As for the wig, I now work in a high school but worked in a middle school at the time of my "baldness." The kids were all kind and nobody freaked out. I tried a wig but they are a different thing when bald than when you have hair. I know some women manage to wear a wig all though - two hours was all I could stand. :) Kids of all ages are more accepting than you know.

Anyway, you'll do fine. There are lots of treatments for mets now but you do have to find a progressive onc and be near a major cancer center. Hardly any doctor can understand why they let me do a resection for liver mets. The belief has always been that cancer is everywhere anyway so treating one section is useless. But, they are finding that isn't always the case.

Re: It's official
 

Welcome - I worked with a Naturopath throughout my first 6 TCH and an Acupuncturist throughout my last 4 A/X. Both made things much easier for me. For the constipation I drank "Smooth Move" tea from the Health Food store - worked for me. And I had weekly B12 shots and a weekly glutathione IV which is shown to offset chances of neuropathy. The Oncology Review has quite a few studies. You are in the terrifying part of the journey - the unknown. You will get through this, just take it a day at a time. And I always iced my fingernails and toenails during the treatments. It made me feel like I had some control and my nails were great throughout.

You will make it through this - reach out to the folks on this website - they have so much knowledge and experience and such a positive outlook. They will give you hope when you run out.

Blessings to You.

Re: It's official
 

I just want to say thank you to you all. This is such a scary time for me, and I feel like you have held my hand and gave me reassurance and guidance that I really needed.

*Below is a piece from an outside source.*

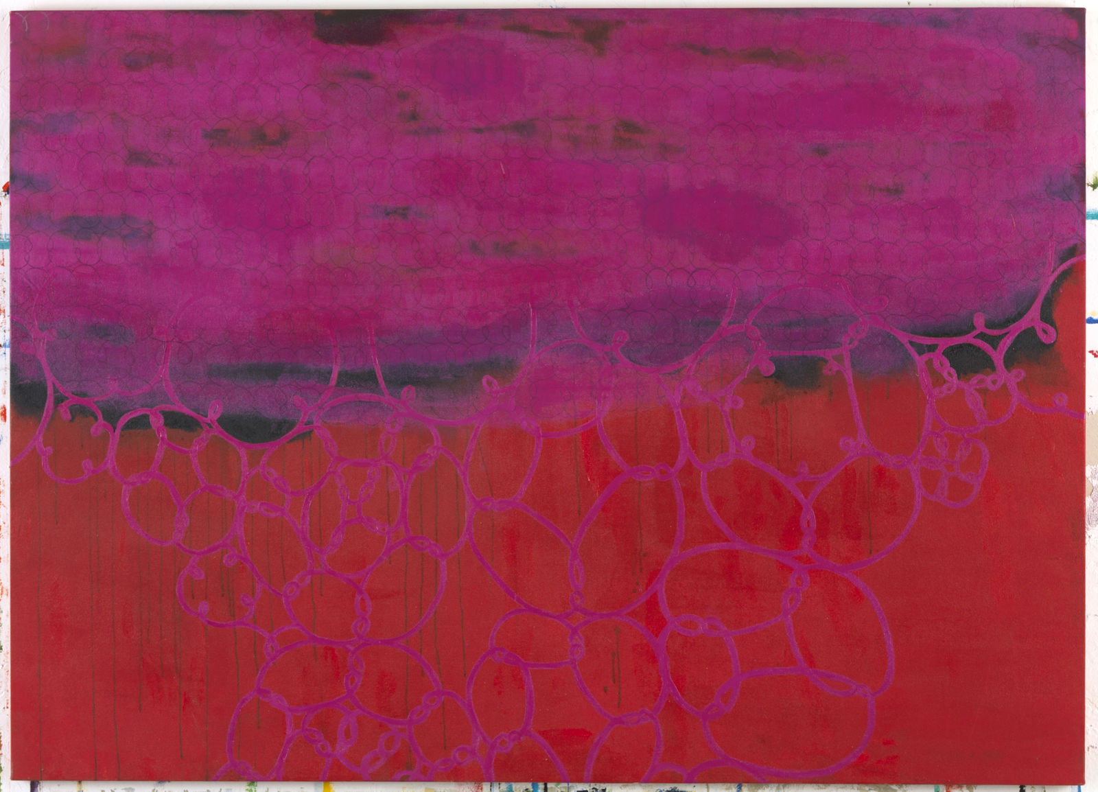 A artista cria paisagens, povoadas ou não, que geram uma trama em um espaço indefinido. Muitas vezes em forma de arabescos, esta trama parece querer conter um céu que está sempre prestes a verter sobre nós, indicando o estado efêmero da natureza e dos seres humanos.
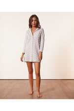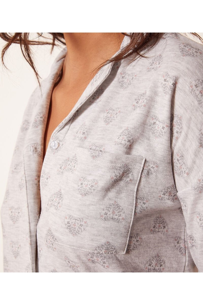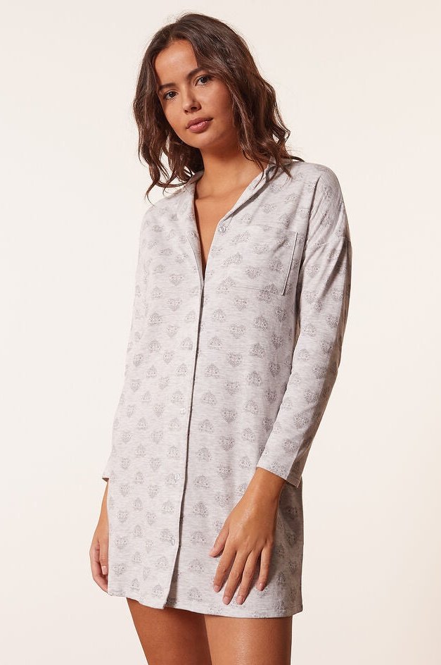 כותונת לילה מבית המותג ETAM בגוון אפור מלאנג' עם הדפס מוטיב לבבות, עשויה בד כותנה ג'רזי נעים במיוחד. הכותונת באורך הברך, עם שרוולים ארוכים, צווארון דש, כיס חזיתי וסגירת כפתורים קדמית.

At home with my children, who are not little children but teenagers, I feel I can't really express fear or sadness. I don't want them to be any more hurt than they already are. To be able to come here and vent and ask questions is really so helpful to me. So thank you again, from the bottom of my heart. :)

Re: It's official
 

Sorry to hear about your biopsy results. You have definitely found the right forum to help you through your treatment. These ladies(and a few men) are very supportive and will give you some good advice along the way. Make sure you ask a lot of questions (on here as well as with your oncologist). Best wishes. ~Greg

Re: It's official
 

The tips about Zertec and Zantac for the neulasta side effects work! Also, you will get a metal taste in your mouh from the carbo that will ruin the taste of eveything. Switch to plastic utencils, paper plates (some stoneware has metal in it), plastic cups and switch from canned drinks and foods to plastic cans. It really helped. Also, Biotene makes mouthwash, toothpaste and gel for mouth sores. They are a life saver if you get dry mouth and sores. When your hair starts falling out your scalp will be tender and sore so I wore a terrycloth turbanto bed to reduce the friction. I had chronic nosebleeds daily when the hairs in my nose fell out. Be careful about infection. My ENT gave me an antibiotic ointment to apply and it felt soothing. Also, a coolmist humidifier in my room at night helped out with the overall dryness of my skin as did aloe vera bathoil and Eucerin lotion products. Your eyes may run alot but still use artificial tears for relief. And enough can't be said about stool softeners! Good luck--you'll make it. 6 rounds of TCH eradicated my liver mets as well as the malignant nodes. It works.

Re: It's official
 

I understand your feelings about wearing brave face around your children. Mine were in college but living at home. I hid my fears from them b/c I didn't want to scare them esp since I totally believed I would go into remission. I wanted to be an example of how to deal with adversity and share my faith in God's plan for us. As their mother I still needed to protect them and many people told me how proud the boys were of my courage.

However, we are only human and there were a couple of meltdowns around them and a couple of "roid rages" where I was not very nice. But on balance they understood those were the exceptions and caused by decadron and chemo brain. So, if it happens, don't beat yourself up. When those happened they understod it wasn't the real me and instead of being offended they were by my side comforting me.